Surgical treatment of peroneal nerve palsy after knee dislocation.

机构信息

Department of Orthopaedic Surgery, Mayo Clinic, 200 First Street SW, Rochester, MN 55905, USA.

出版信息

Knee Surg Sports Traumatol Arthrosc. 2010 Nov;18(11):1583-6. doi: 10.1007/s00167-010-1204-3. Epub 2010 Jul 17.

Abstract

PURPOSE

Numerous surgical techniques have been described for the treatment of peroneal nerve palsy after knee dislocation with less than optimal outcomes. The purpose of this article is to present a review of the literature including modern surgical treatment options for peroneal nerve palsy after knee dislocation.

METHOD

Review of the current body of literature relevant to the topic was undertaken and summarized accordingly. Mechanism of injury, pathology and prognosis as well as current and novel treatment options are presented.

RESULTS

Neurolysis and nerve grafting results are dependent on nerve graft length, with documented recovery rates of only 44% for nerve grafts longer than 6 cm.
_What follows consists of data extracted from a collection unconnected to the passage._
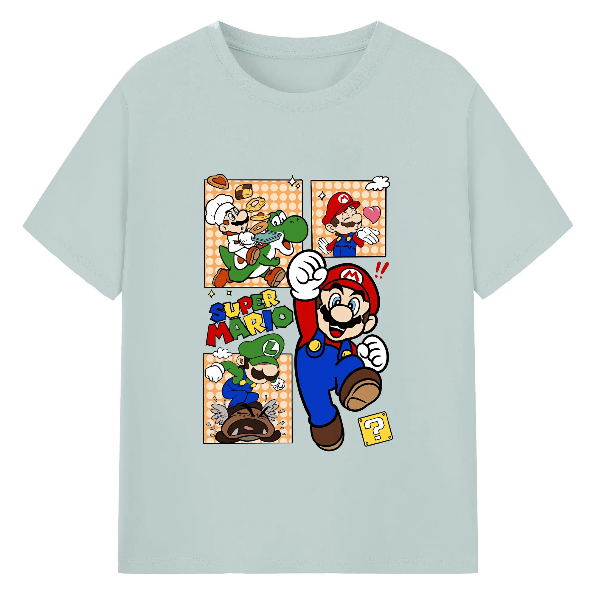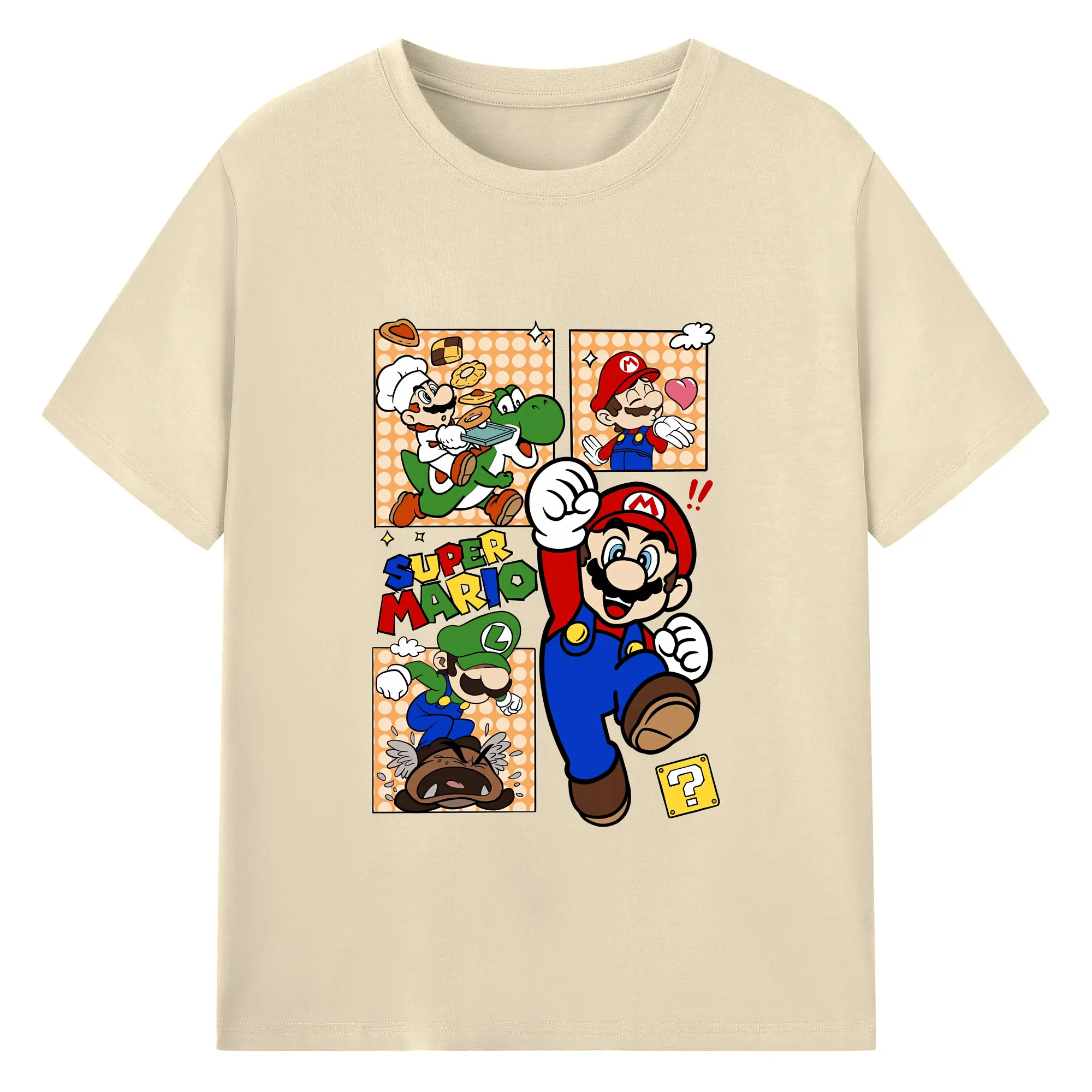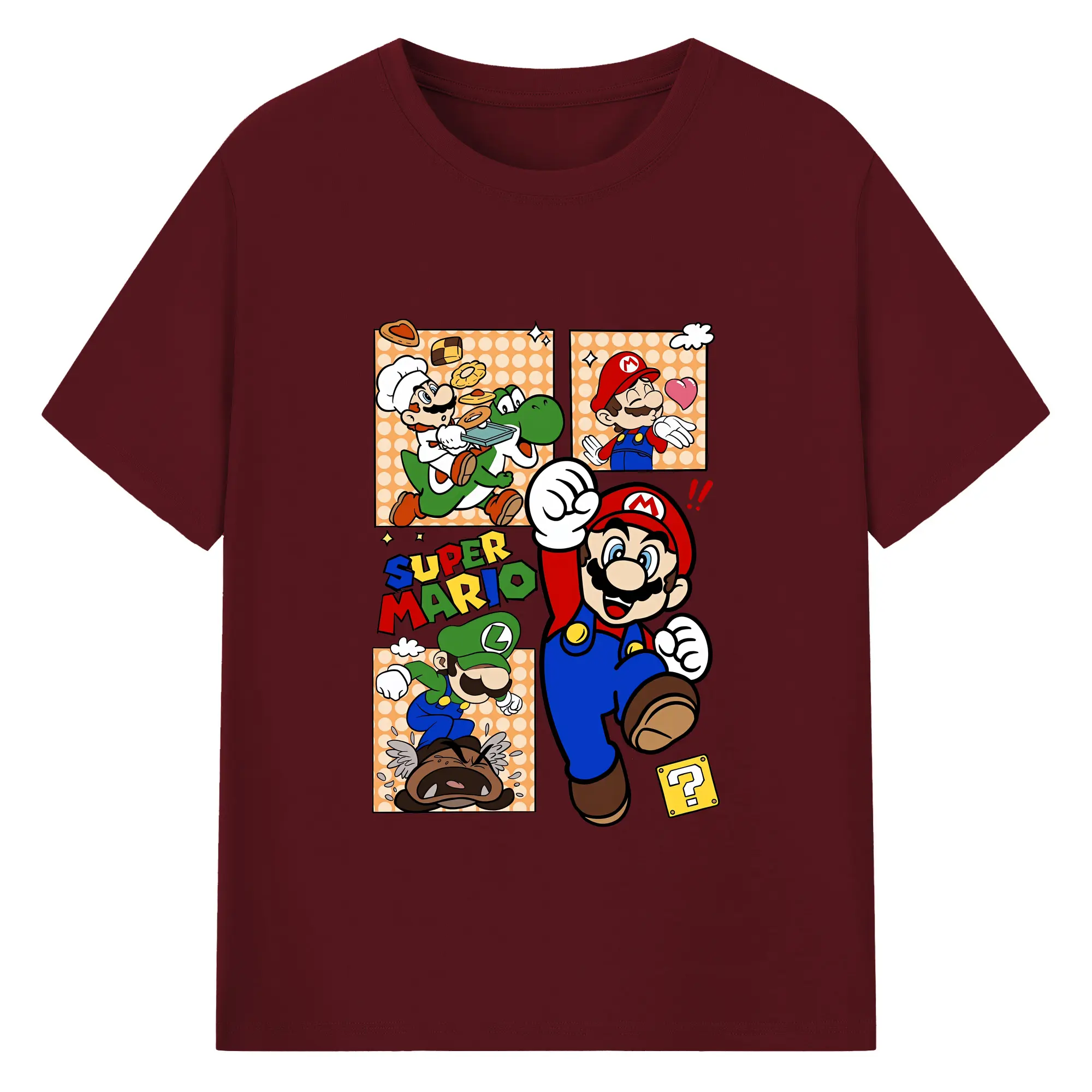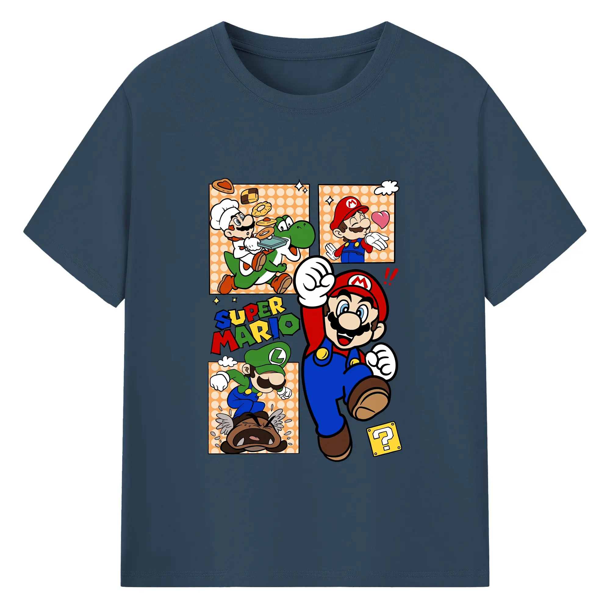 マリオ グッズ マリオ - 綿100% 半袖Tシャツ ・ バックプリント ・ 快適 通気性 ・ 日常使い 散歩 スポーツ用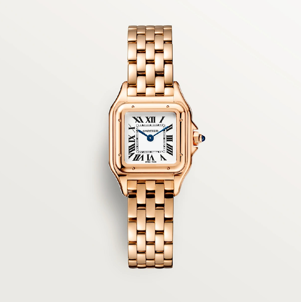 A refined expression of Cartier's classic design, this small Panthère model pairs a warm rose gold bracelet with a brilliant silver dial and iconic sapphire crown detail.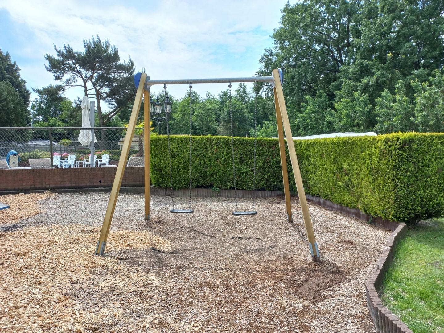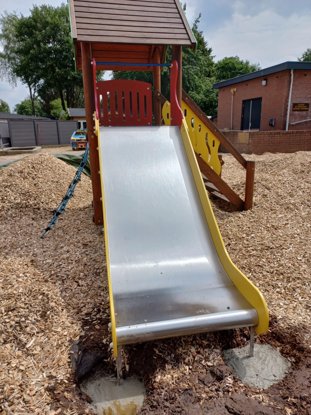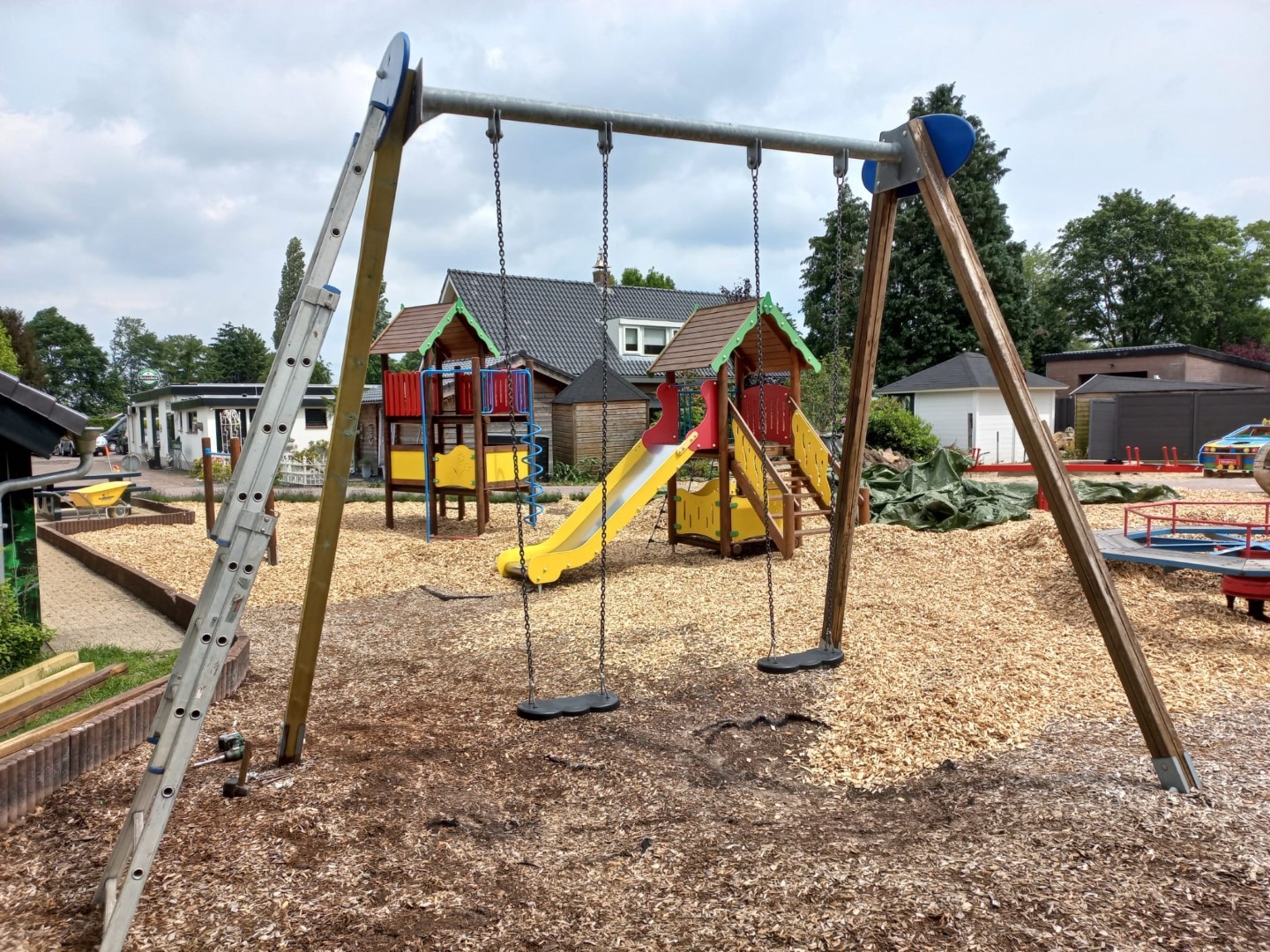 Moeder en dochter van dit chaletpark in Ermelo wilden graag een afspraak om mee te denken voor een bijzonder speeltoestel en de reparatie van enkele bestaande speeltoestellen en er waren ook nog houtsnippers nodig.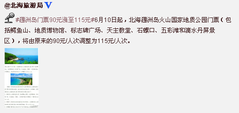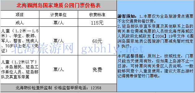 (北海旅行社訊)來(lái)自北海旅游局官網(wǎng)12日的消息,經(jīng)自治區(qū)物價(jià)局批準(zhǔn),從6月10日起,北海潿洲島火山國(guó)家地質(zhì)公園門(mén)票價(jià)格(包括鱷魚(yú)山、地質(zhì)博物館、標(biāo)志碑廣場(chǎng)、天主教堂、石螺口、五彩灘和滴水丹屏景區(qū)),由原來(lái)的90元/人次調(diào)整為115元/人次。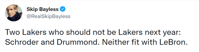 顶薪变底薪?庄神应该不会接受这么大的落差。27岁的他,依然可以场均贡献两双数据,拿底薪确实有点说不过去。不过,他在效力湖人的时间段里,也没有展现足够的实力。名嘴斯基普-贝勒斯认为,庄神和施罗德都不会继续留在湖人了,因为他们俩都不适合詹姆斯。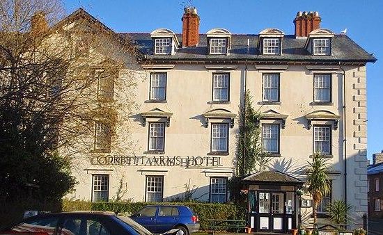 The hotel was the principal hotel in Tywn and is first recorded in 1833. It was part of the estate of John Corbett of Ynysmaengwyn, who more than doubled the building in size and added a second 'T' to its name, originally The Corbet Arms.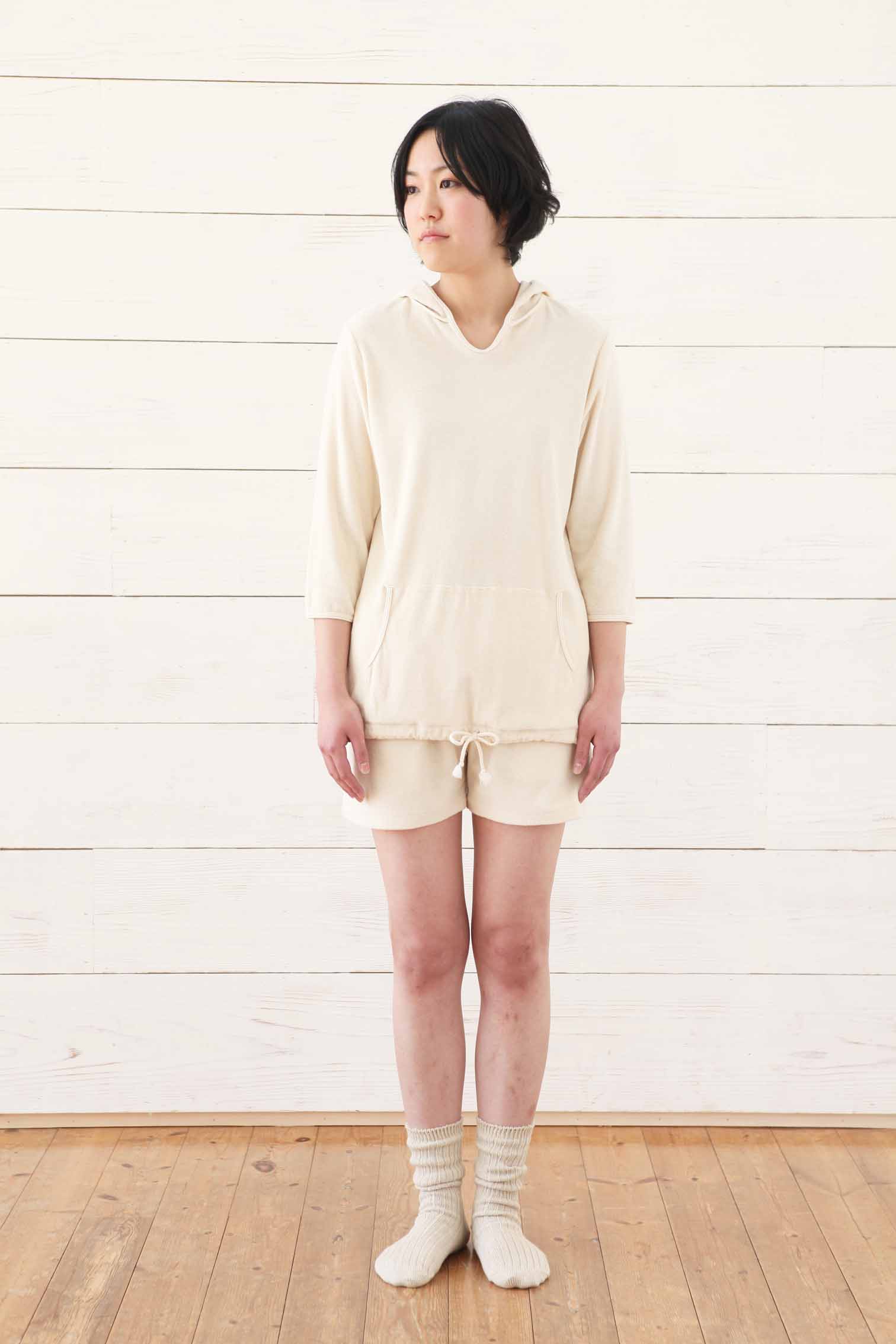 インド産の高品質な超長繊維糸を緻密なループ状に織り上げたニットパイル生地でつくった七分袖パイルパーカーとショートパンツ。スポーツウェアとして動きやすさや吸放湿性を重視したほか、細やかなディテールまでデザインしファッションアイテムとしても活躍します。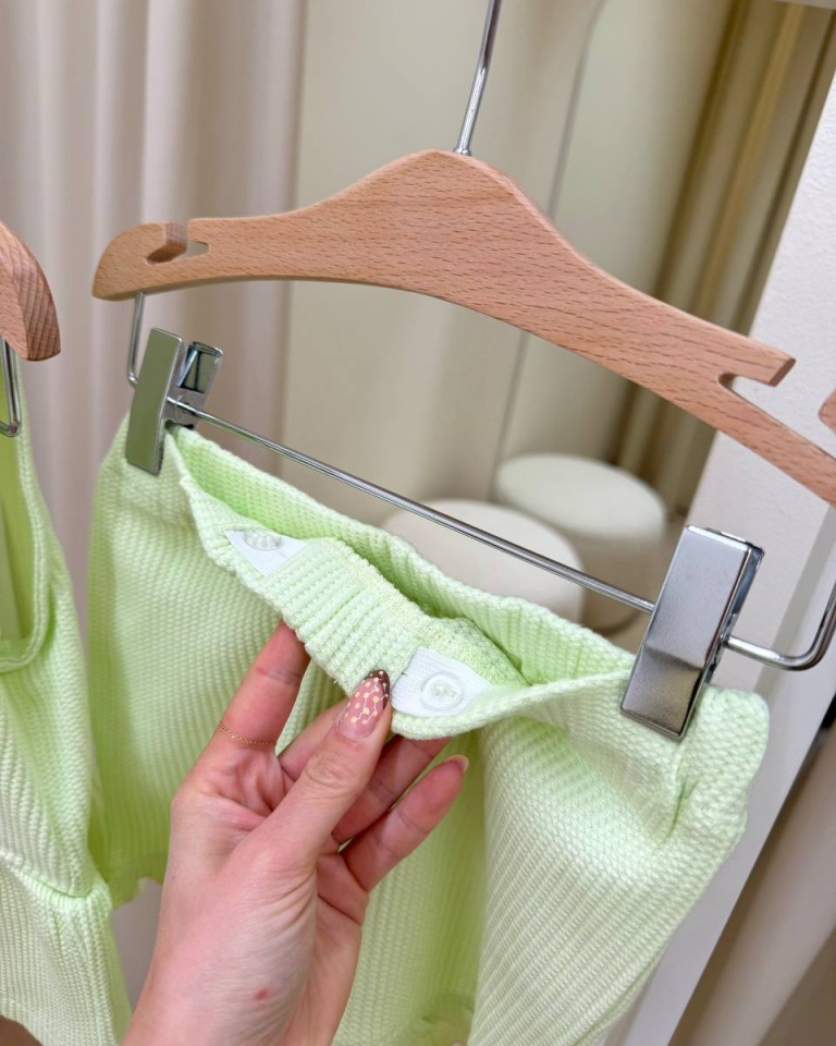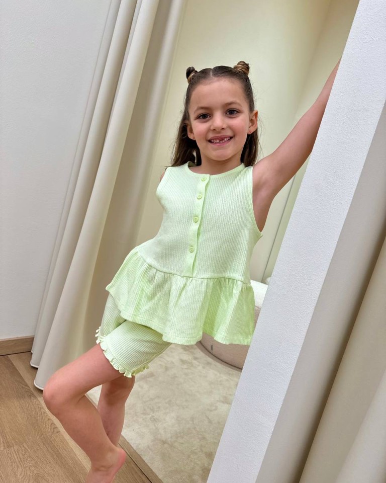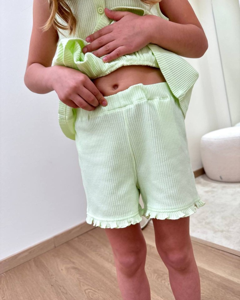 Shorts in spugna a nido d’ape color lime, modello a vita alta regolabile con elastico interno e rouches sull’orlo. Vestibilità regolare.

Posterior tibial tendon transfer procedures have had reasonable success in allowing patients to return to ambulation without assistive devices; however, dorsiflexion strength on the affected side has been reported at only 30% that of the normal contralateral side, and return to activities more strenuous than walking has not been reported. Future concepts including partial nerve transfer of a motor branch of the tibial nerve to the peroneal nerve have been described, but no outcome data is currently available.

CONCLUSION

Peroneal nerve palsy after knee dislocation leads to significant functional impairment. Prior treatment strategies utilized for restoration of dorsiflexion and peroneal nerve function have yielded overall poor results. Newer surgical techniques are being developed and clinical trials are under way to evaluate their effectiveness.

摘要

目的

膝关节脱位后发生腓总神经麻痹的治疗方法已有多种术式,但疗效并不理想。本文旨在回顾膝关节脱位后腓总神经麻痹的现代外科治疗方法。

方法

对与该主题相关的当前文献进行了综述,并进行了相应的总结。介绍了损伤机制、病理和预后,以及目前和新的治疗选择。

结果

神经松解和神经移植的结果取决于神经移植的长度,文献记载神经移植长度大于 6cm 的恢复率仅为 44%。胫骨后肌腱转移术可使患者在无需辅助设备的情况下恢复步行,但患侧背屈力量仅为正常对侧的 30%,且无法恢复比步行更剧烈的活动。目前已经描述了包括部分神经转移(即从胫骨神经的运动支转移到腓总神经)等未来概念,但目前尚无相关结果数据。

结论

膝关节脱位后发生腓总神经麻痹会导致明显的功能障碍。先前用于恢复背屈和腓总神经功能的治疗策略总体效果不佳。正在开发新的外科技术,并进行临床试验以评估其疗效。